Development of a platform yeast for the production of sustainable aviation fuels from biowaste

Aviation has brough several benefits to modern society. It plays a central role in increasing global connectivity, allowing for faster exchange of information and technological advancements, increasing the reach of good ideas for a better society. Airborne transport is also key for humanitarian efforts that require a quick response, such as natural disasters.

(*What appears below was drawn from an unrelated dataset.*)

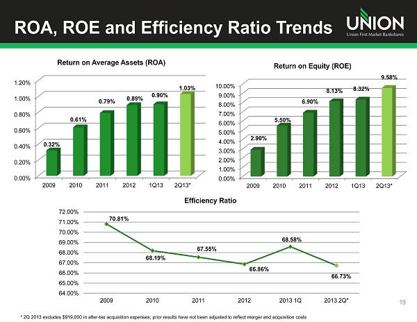 Net Income Trends 18 $0 $5,000 $10,000 $15,000 $20,000 $25,000 $30,000 $35,000 $40,000 2004 2005 2006 2007 2008 2009 2010 2011 2012 2013* $17,925 $24,822 $25,992 $19,756 $14,514 $8,360 $22,922 $30,445 $35,411 $19,365 * 2013 excludes $919,000 in after tax acquisition expenses and reported net income for the first half of 2013 was $18.466 milli on ; prior year periods reflect reported net income

At the same time, this means of transportation has the highest carbon footprint per passenger-kilometer and still heavily relies on fossil fuels, setbacks that must be dealt with so the benefits of this technology can be harnessed in a long-term timeframe without compromising the environment. One of the efforts made in this direction is the development of Sustainable Aviation Fuels (SAF). Those can be produced from materials’ such as food or agricultural waste by employing microbial cell factories that can convert the carbon present in the former into molecules with high energy density like fatty acids or terpenes. However, yield and efficiency for the conversion of biowaste carbon sources into those molecules are still low, something that must be overcome to produce economically viable SAF.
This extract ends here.